Animal Procedures Committee APC (99) 3rd Meeting
Minutes of the meeting held on 12 May 1999

Present
Professor Banner (Chairman) 
Professor Anderson 
Mr Baker 
Professor Bulfield 
Dr Clark 
Professor Clark 
Professor Dunbar 
Professor Flecknell 
Mr Gregory 
Mr Holland 
Dr Jennings 
Dr Langley 
Professor Martin 
Professor McNeilly 
Dr Purchase 
Dr Richardson 
Dr Southee 
Professor Turner 
Mr Ward
Home Office 
Mr Wilkes 

Inspectorate
Dr Richmond
Dr Anderson

Secretariat
Mr Bone
Mr Hartley


1. Apologies for absence

1.1 Apologies had been received from Professor Atterwill, Professor Broom, Professor Johnston, Dr Suckling and Mr Evans.

1.2 Staff changes on the Secretariat were noted. Phillip Brenner would be joining as an administrative officer. Roger Hartley was leaving shortly, and this was his last meeting. The Committee thanked him for his contribution to their work.

2. Minutes of the meeting held on 7 April

2.1 The minutes were agreed.

3. Matters arising

3.1 Minister's forum (para 3.2) Mr Howarth had written to the Chairman about the Minister's forum and his letter and the Chairman's reply were tabled at the meeting.

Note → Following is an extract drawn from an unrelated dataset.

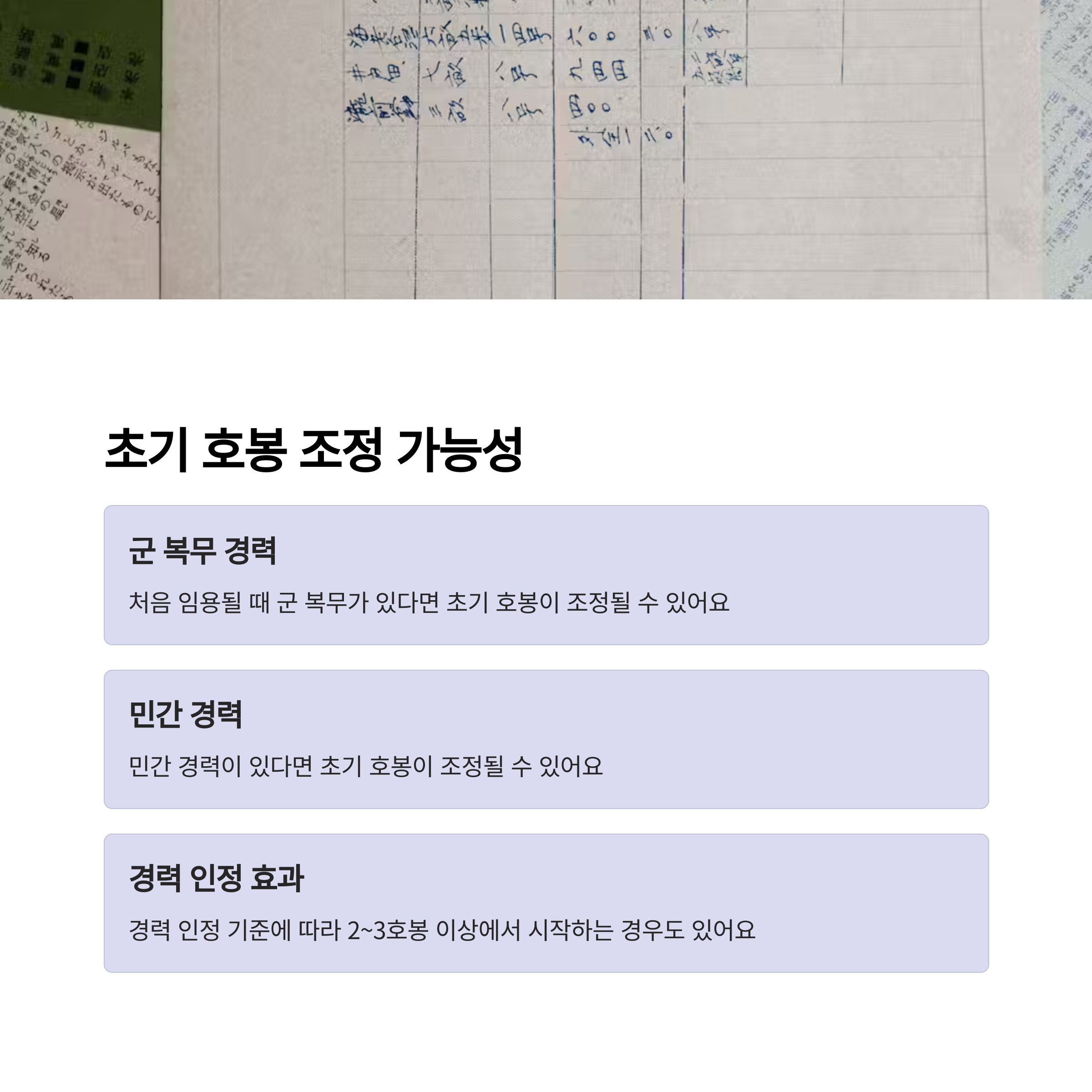 또한 군 복무나 민간경력 인정제도를 통해 초임 호봉 조정을 신청할 수 있습니다. 저도 군 경력으로 1호봉이 아닌 2호봉으로 시작했었는데, 이런 제도는 실제 급여와 경력 인정 모두에 긍정적 영향을 줍니다.

The aim of the Forum was to allow the Minister to hear a range of views, to start (or continue) dialogue between the various participants, and to identify areas of common ground. The Home Office acknowledged the Committee's status at the Forum - it was set up by law to give Ministers independent advice and was not a pressure or interest group.

3.2 The Chairman would attend on that basis to represent the Committee. There was an open invitation to other members to attend also (though some had been or would be invited separately).

3.3 The size of the audience at the form was likely to be between 60 ? 100. No invitation would be extended to groups who supported the use of violence. Action: members 3.4 Code of Conduct (para 3.3) The Secretariat planned to have a draft ready for the next meeting.

Action: Secretariat 3.5 Residential meeting (para 3.7) The June plans were off. Possible new dates were 17/18th and 24/25th September. The Secretariat would circulate members for availability on these dates. Action: Secretariat 3.6 The agenda of the meeting was discussed. It was proposed there should be a report from the working groups and from the sub-committees and discussion of the future work programme of the committee. Possible invited talks were on humane end points and endocrine disruptors. An outline agenda proposal would be presented to the next meeting. Action: Secretariat 3.7 (Para 3.8) The Office of Science and Technology (OST) Biotechnology Review was due to be published later in May.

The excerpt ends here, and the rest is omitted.